## Exercise data
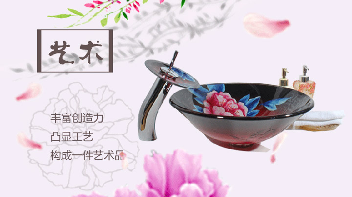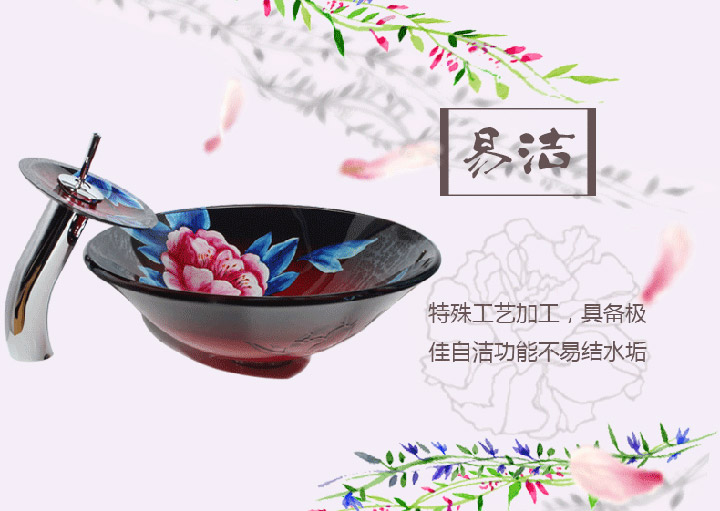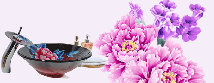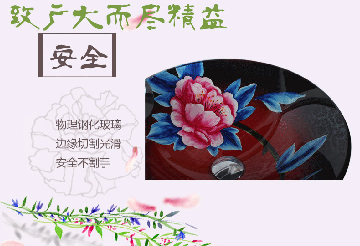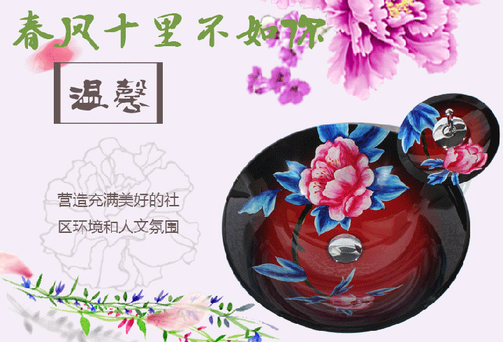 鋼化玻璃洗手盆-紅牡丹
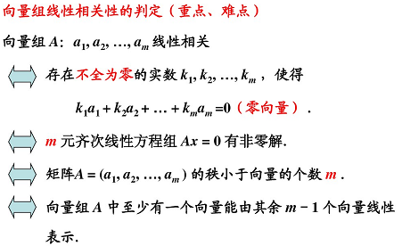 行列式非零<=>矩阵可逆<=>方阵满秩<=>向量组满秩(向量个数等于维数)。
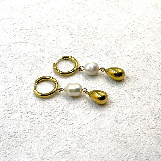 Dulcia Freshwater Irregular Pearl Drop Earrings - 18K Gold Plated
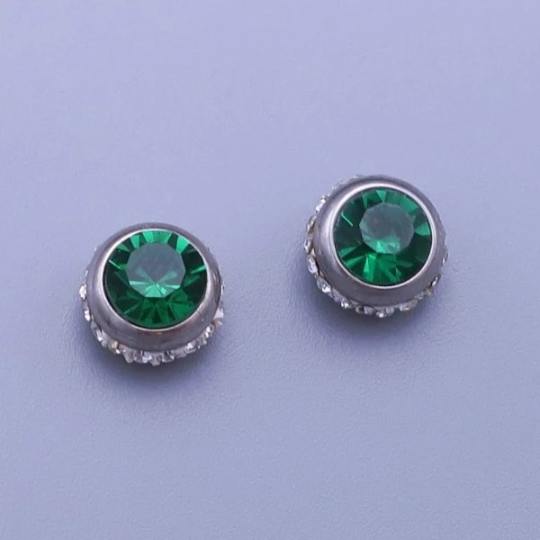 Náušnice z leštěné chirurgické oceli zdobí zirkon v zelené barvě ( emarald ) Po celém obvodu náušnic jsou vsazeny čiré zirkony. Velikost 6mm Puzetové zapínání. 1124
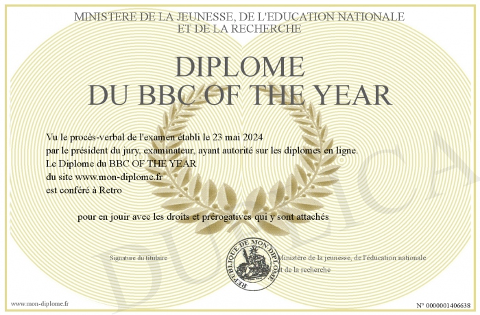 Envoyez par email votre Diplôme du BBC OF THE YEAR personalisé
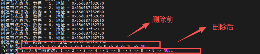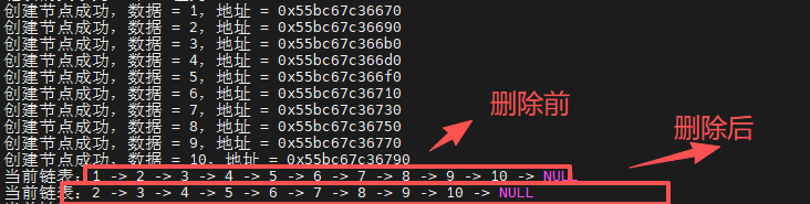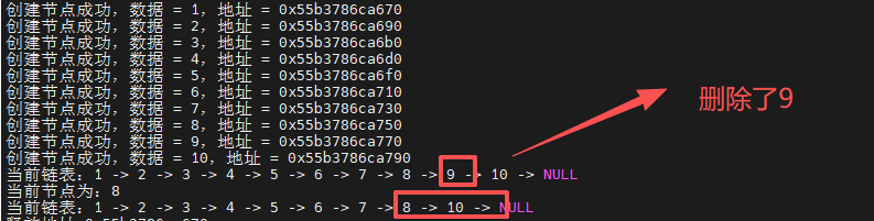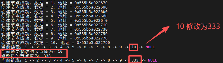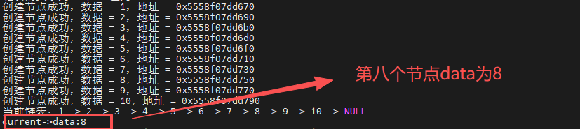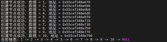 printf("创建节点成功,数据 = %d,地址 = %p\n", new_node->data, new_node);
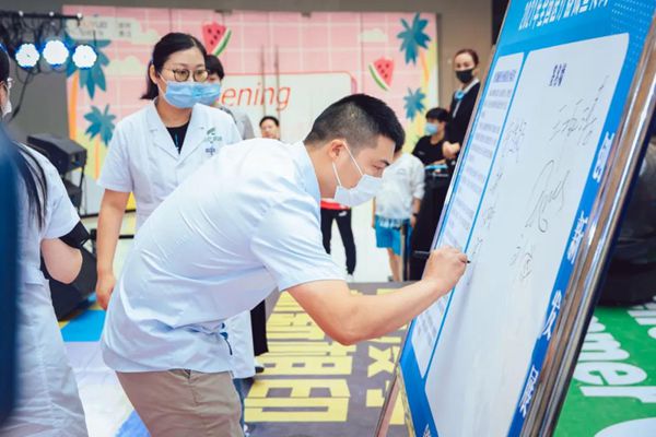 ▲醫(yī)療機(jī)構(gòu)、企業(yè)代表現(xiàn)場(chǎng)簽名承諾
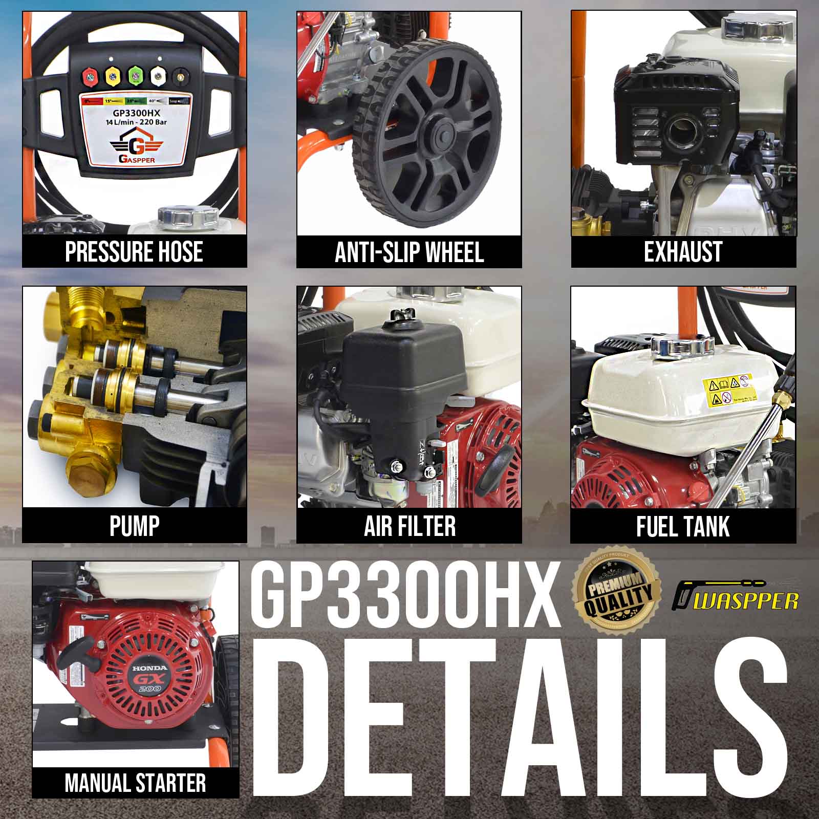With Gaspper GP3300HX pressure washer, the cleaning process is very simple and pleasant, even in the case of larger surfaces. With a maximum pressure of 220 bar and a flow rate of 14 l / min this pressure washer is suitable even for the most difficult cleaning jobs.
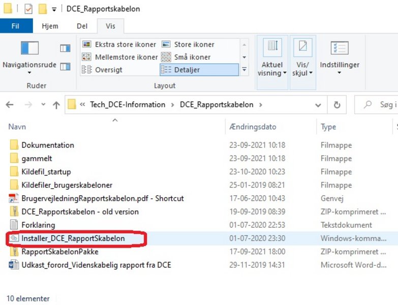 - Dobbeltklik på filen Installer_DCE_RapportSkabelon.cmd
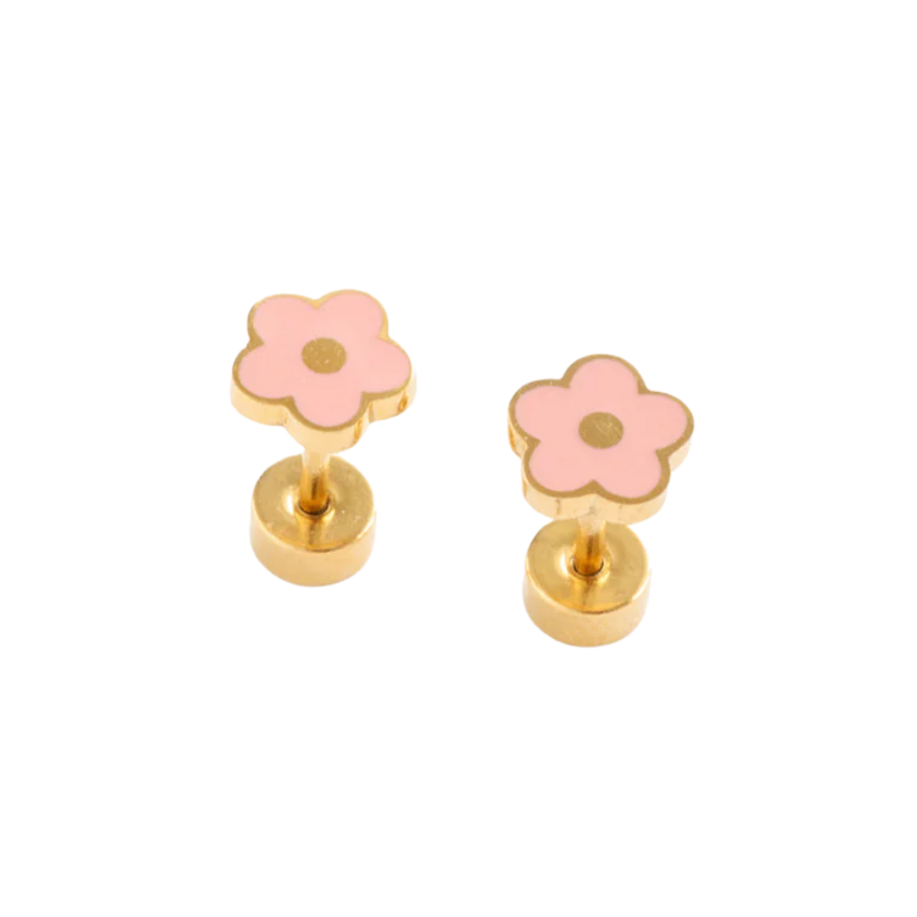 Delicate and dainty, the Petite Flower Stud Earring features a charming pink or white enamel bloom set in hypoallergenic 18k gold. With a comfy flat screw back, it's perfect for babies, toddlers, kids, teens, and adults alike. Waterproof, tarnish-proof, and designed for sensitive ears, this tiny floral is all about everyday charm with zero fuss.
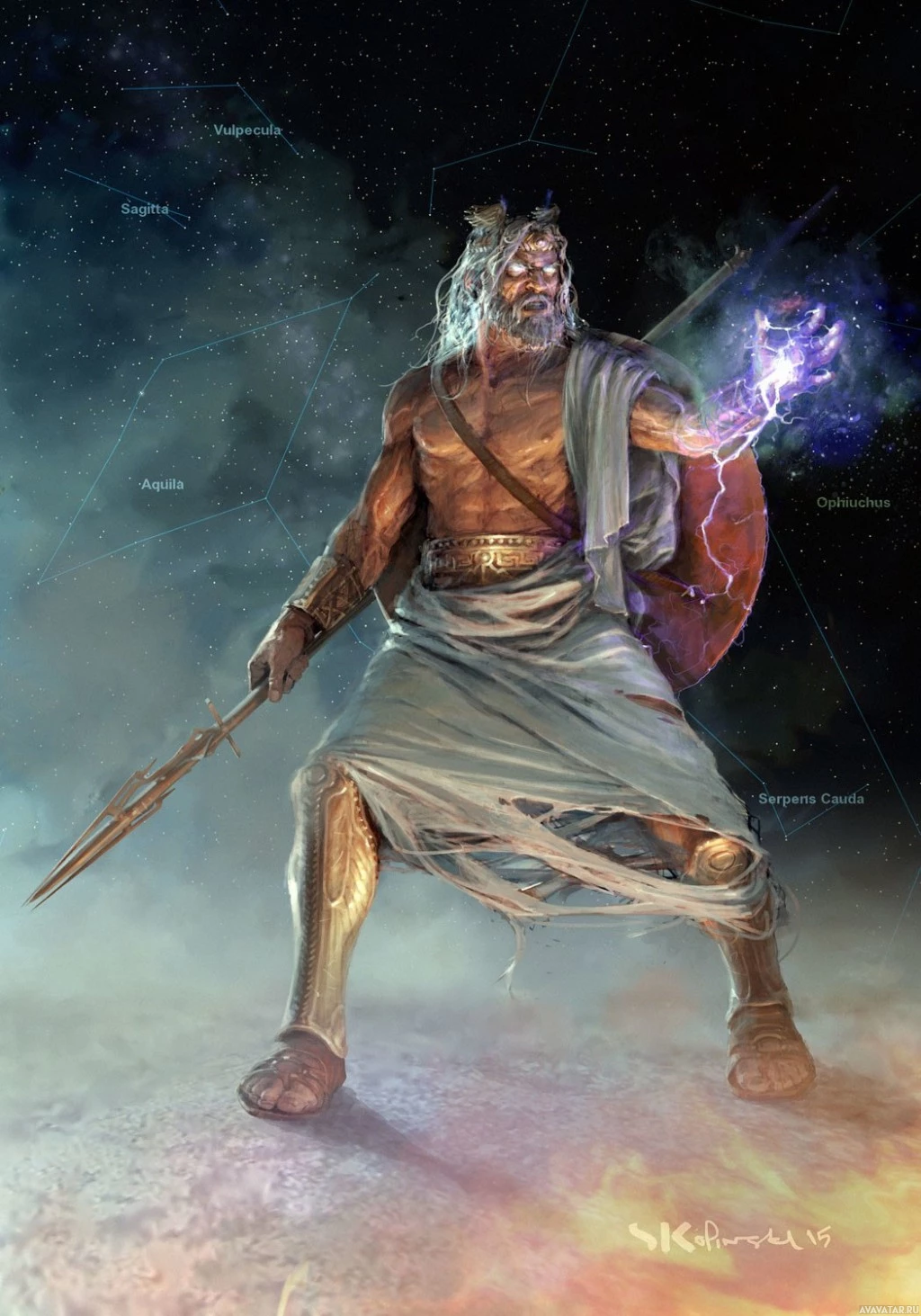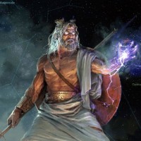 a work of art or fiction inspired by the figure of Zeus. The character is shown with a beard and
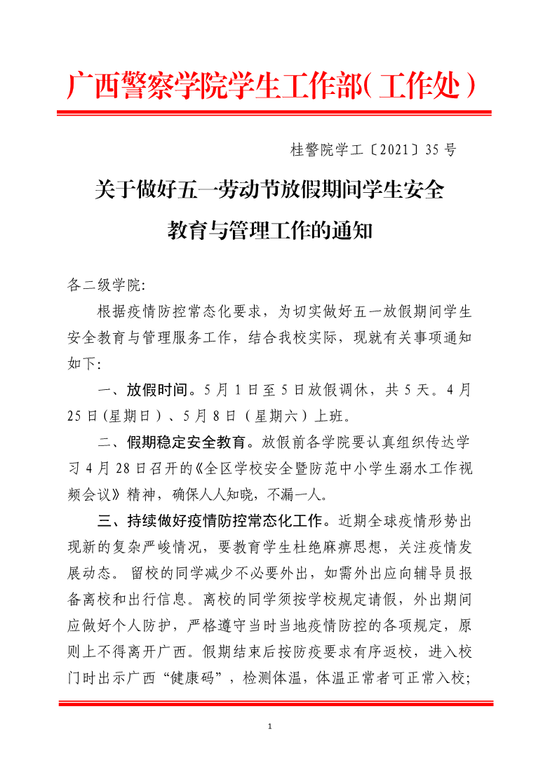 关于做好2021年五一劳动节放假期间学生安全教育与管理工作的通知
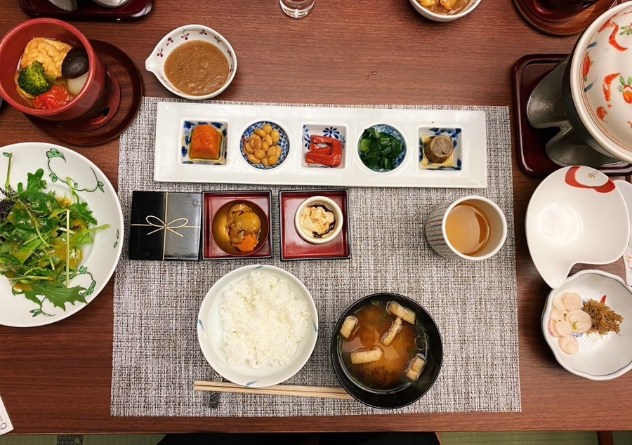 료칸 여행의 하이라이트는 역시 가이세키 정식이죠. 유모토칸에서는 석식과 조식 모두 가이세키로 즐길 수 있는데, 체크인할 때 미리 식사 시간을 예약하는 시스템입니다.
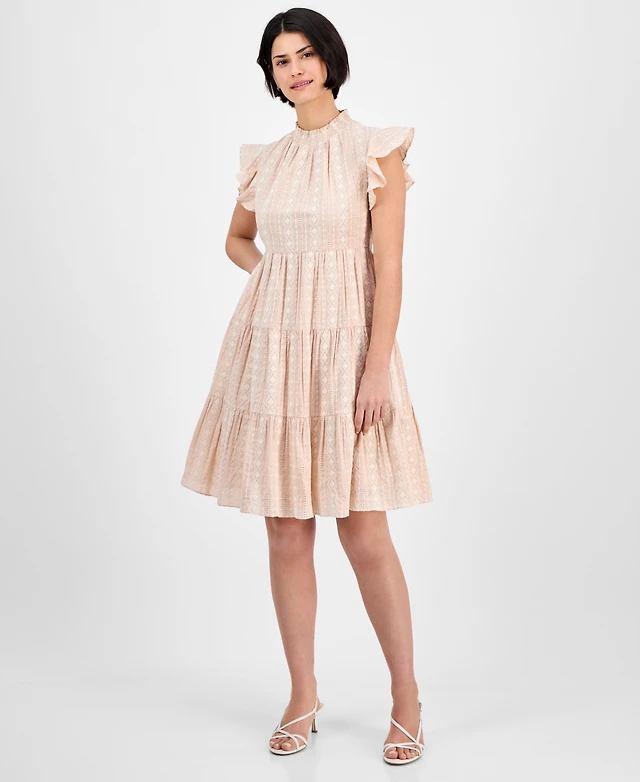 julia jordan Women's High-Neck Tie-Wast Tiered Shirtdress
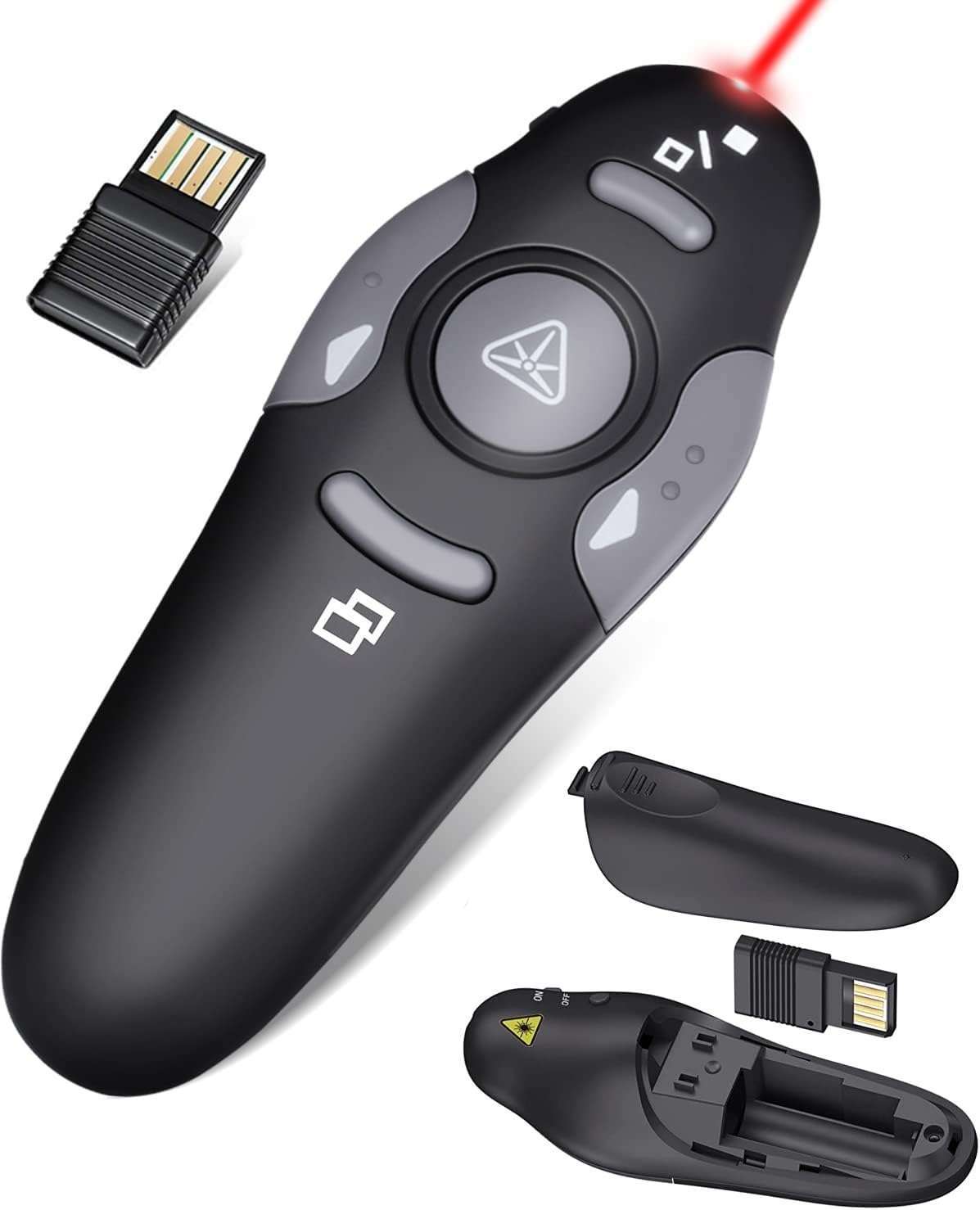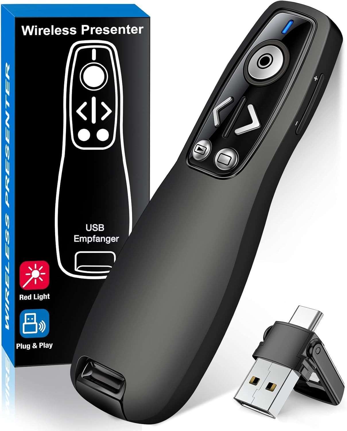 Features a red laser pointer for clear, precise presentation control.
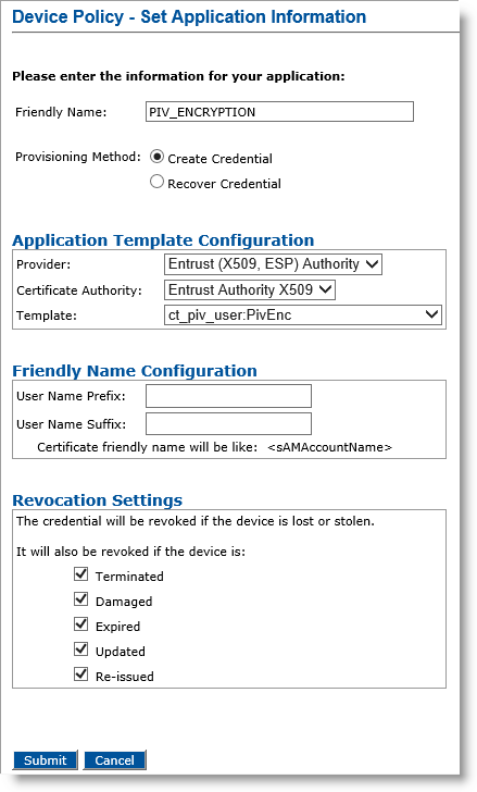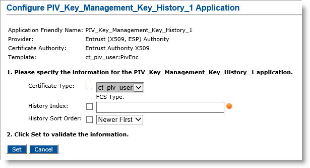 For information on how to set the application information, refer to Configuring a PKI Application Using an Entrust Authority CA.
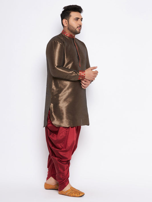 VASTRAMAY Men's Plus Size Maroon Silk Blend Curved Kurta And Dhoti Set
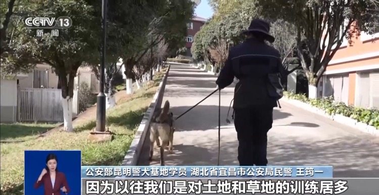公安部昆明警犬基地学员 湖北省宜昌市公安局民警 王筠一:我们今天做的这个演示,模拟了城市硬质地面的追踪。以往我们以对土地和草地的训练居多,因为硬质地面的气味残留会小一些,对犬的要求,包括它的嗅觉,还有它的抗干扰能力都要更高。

## Task goal
Pictures excluded, reproduce only the part above that opens with the line holding "Delicate and dainty, the" and closes with the line holding "For information on", exactly as written.

## Answer box
 Delicate and dainty, the Petite Flower Stud Earring features a charming pink or white enamel bloom set in hypoallergenic 18k gold. With a comfy flat screw back, it's perfect for babies, toddlers, kids, teens, and adults alike. Waterproof, tarnish-proof, and designed for sensitive ears, this tiny floral is all about everyday charm with zero fuss.
 a work of art or fiction inspired by the figure of Zeus. The character is shown with a beard and
 关于做好2021年五一劳动节放假期间学生安全教育与管理工作的通知
 료칸 여행의 하이라이트는 역시 가이세키 정식이죠. 유모토칸에서는 석식과 조식 모두 가이세키로 즐길 수 있는데, 체크인할 때 미리 식사 시간을 예약하는 시스템입니다.
 julia jordan Women's High-Neck Tie-Wast Tiered Shirtdress
 Features a red laser pointer for clear, precise presentation control.
 For information on how to set the application information, refer to Configuring a PKI Application Using an Entrust Authority CA.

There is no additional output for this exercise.